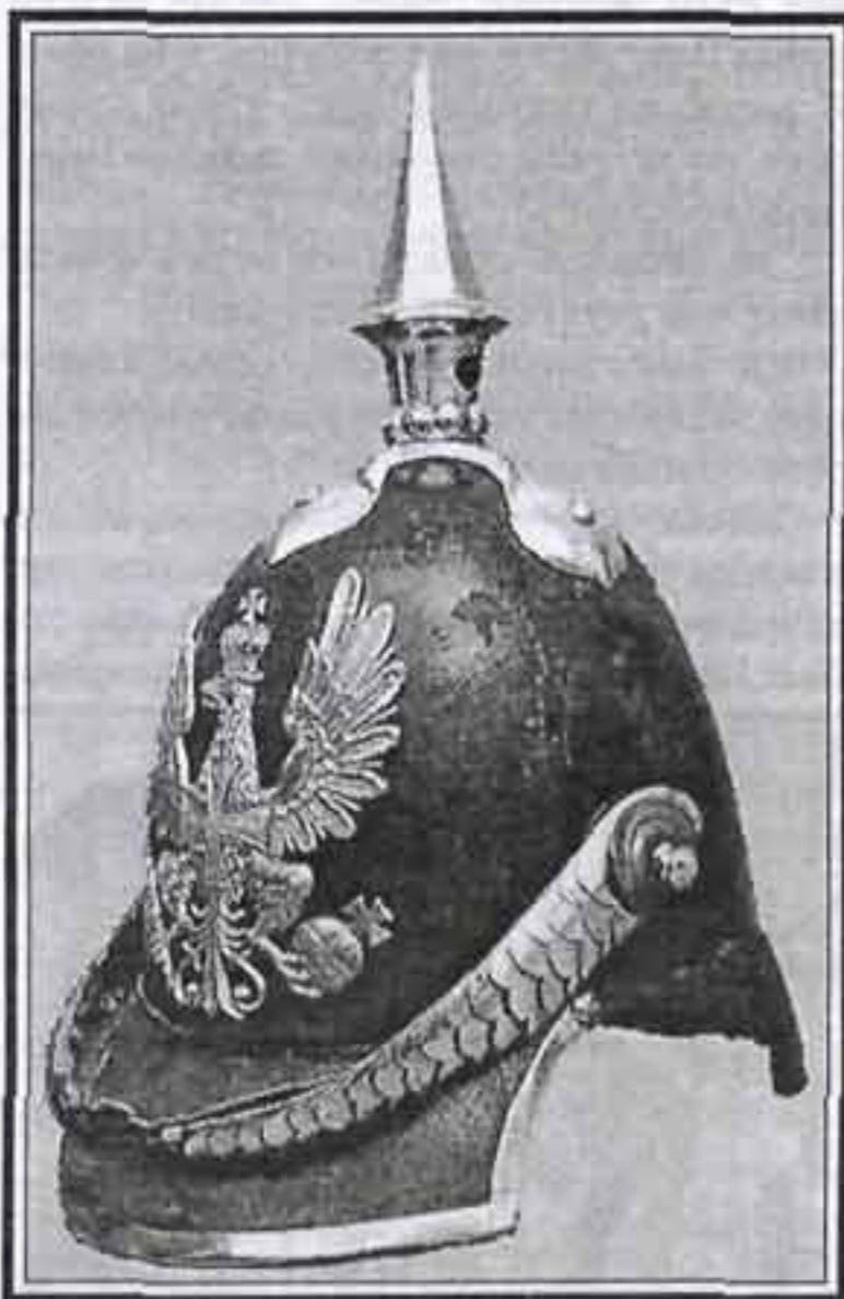
Каска рядового прусской пехоты, модель 1842 г.

Несмотря на свою кажущуюся непрактичность, к концу XIX в. каска, известная под названием "шишака" нашла свой путь практически во все армии Европы. Попробуем же проследить основные пути ее развития в Пруссии.
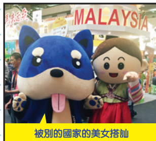
被別的國家的美女搭訕
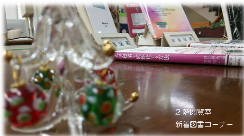
2階閲覧室 新着図書コーナー
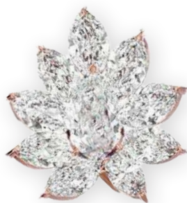
Clous d'oreilles étoilés Diamants ovale et poires Serti à griffes
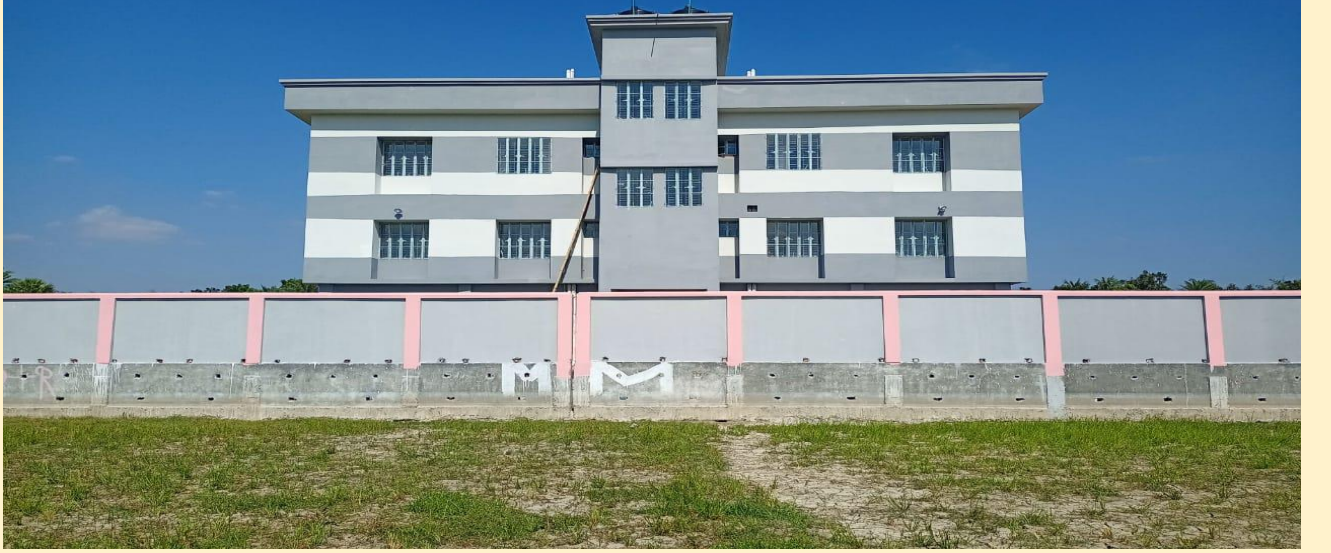
বিলচলন ইউনিয়ন স্বাস্থ্য ও পরিবার কল্যাণ কেন্দ্র, চাটমোহর, পাবনা।

সারাদেশে প্রতিটি ইউনিয়নে ১টি করে ইউনিয়ন স্বাস্থ্য ও পরিবার কল্যাণ কেন্দ্র (UH&FWC) স্থাপন কার্যক্রমের আওতায় ইতোমধ্যে ৪০০৮টি ইউনিয়ন স্বাস্থ্য ও পরিবার কল্যাণ কেন্দ্র নির্মিত হয়েছে। চলমান ৪র্থ স্বাস্থ্য, জনসংখ্যা ও পুষ্টি সেক্টর কর্মসূচী'র ২য় সংশোধিত অপারেশনাল প্লানের আওতায় ১২৪টি ইউনিয়ন স্বাস্থ্য ও পরিবার কল্যাণ কেন্দ্র (UH&FWC) নির্মাণ কাজের পরিকল্পনা করা হয়েছে। এর মধ্যে গত ২০২১-২২ অর্থ বছরে ২৬টি'র নির্মাণ কাজ সমাপ্ত হয়েছে এবং বর্তমানে ১৫টির নির্মাণ কাজ চলমান রয়েছে।
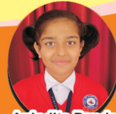
Anindita Pandey Minister Shishu Bharati
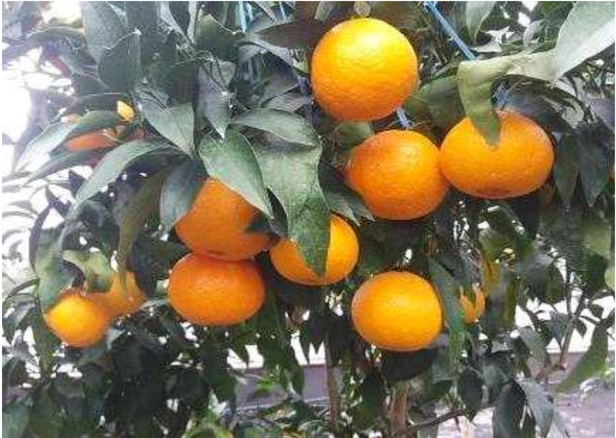
달코미 열매 모습

제주특별자치도농업기술원에서 2020년에 출원한 품종으로 12월 수확이 가능하고 껍질 벗기기가 쉬우며, 맛이 좋음
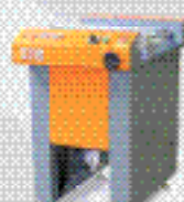
Конвейерная система B1b
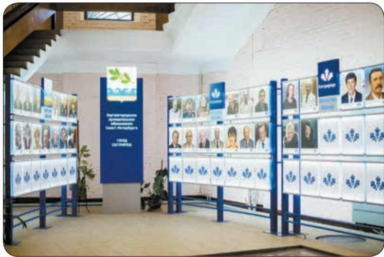
В холле Муниципального совета города Сестрорецка по адресу: Приморское шоссе, дом 280 была торжественно открыта галерея портретов Почётных жителей.

Это почётное звание Муниципальный совет города Сестрорецка ежегодно присваивает с 2004 года. За 11 лет звания были удостоены 32 человека, среди них – ветераны
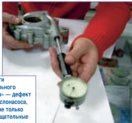
Чтобы найти действительного «виновника» — дефект корпуса маслососа, пришлось не только провести тщательные измерения размеров деталей...

ешь. И наоборот — при «независимости» решения суда от реальной причины неисправности и сильной зависимости от компетентности эксперта. Точнее, от его некомпетентности.
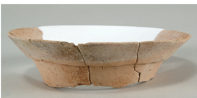
4 第 111 号住居跡出土土師器 (第 248 图 1)
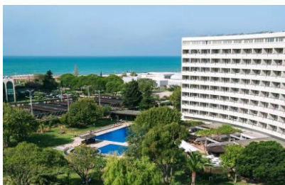
Dom Pedro Hotel Vilamoura

5 GOLFRUNDOR med spel på Vilamouras toppbanor – Mästerskapsbana Victoria (där Portugal Masters spelas som ingår i Europatouren), Old Course, Laguna, Millenium och Pinhal. Banorna är i absolut toppskick och vädret så här års är runt 20+. Det kommer även finnas olika tävlingar med priser att vinna.
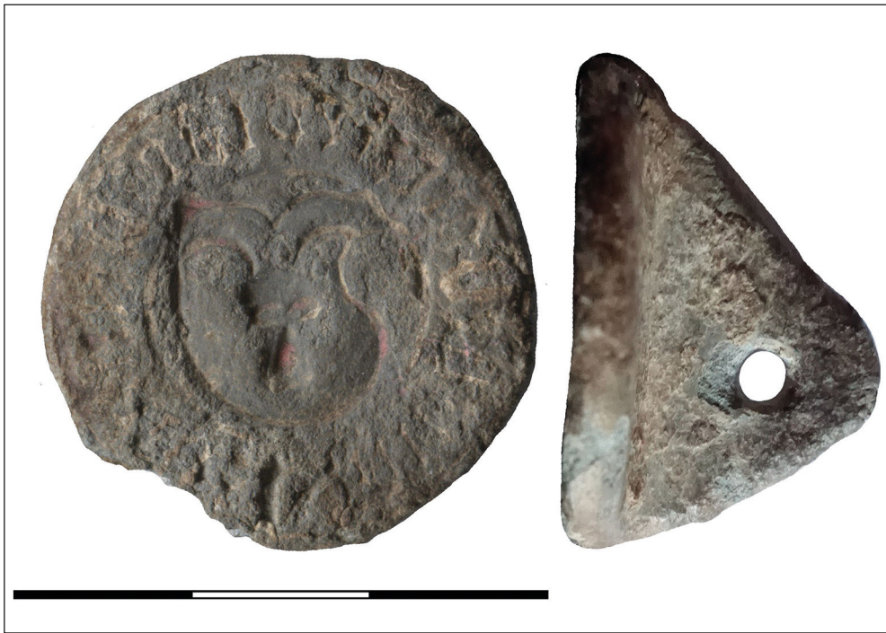
Ryc. 4. Myślino (pow. kołobrzegi). Średniowieczny typariusz odnaleziony na terenie siedziby rycerskiej.

Tłok ma średnicę 2,8 cm, grubość 0,4 cm, a wysokość całkowita (ze strzemiączkiem) wynosi 1,7 cm, jego waga to 22 g. Na odwrocie przedmiotu znajduje się trójkątne, pionowe strzemiączko z otworem do przewleczenia sznurka/rzemienia. Na tłoku widnieje wizerunek rycerskiej tarczy turniejowej z bocznym bouche (wycięciem na kopię) 9 . Na tarczy zaś widoczny jest łeb kozła na wprost. Napisu, oddzielonego liniami otokowymi, niestety nie udało się odczytać (ryc. 4).

■ What you are asked to do
From the first line of the entries above down to the line holding "বিলচলন ইউনিয়ন স্বাস্থ্য", quote each line exactly and nothing else, skipping pictures.

■ Result below
Каска рядового прусской пехоты, модель 1842 г.

Несмотря на свою кажущуюся непрактичность, к концу XIX в. каска, известная под названием "шишака" нашла свой путь практически во все армии Европы. Попробуем же проследить основные пути ее развития в Пруссии.
被別的國家的美女搭訕
2階閲覧室 新着図書コーナー
Clous d'oreilles étoilés Diamants ovale et poires Serti à griffes
বিলচলন ইউনিয়ন স্বাস্থ্য ও পরিবার কল্যাণ কেন্দ্র, চাটমোহর, পাবনা।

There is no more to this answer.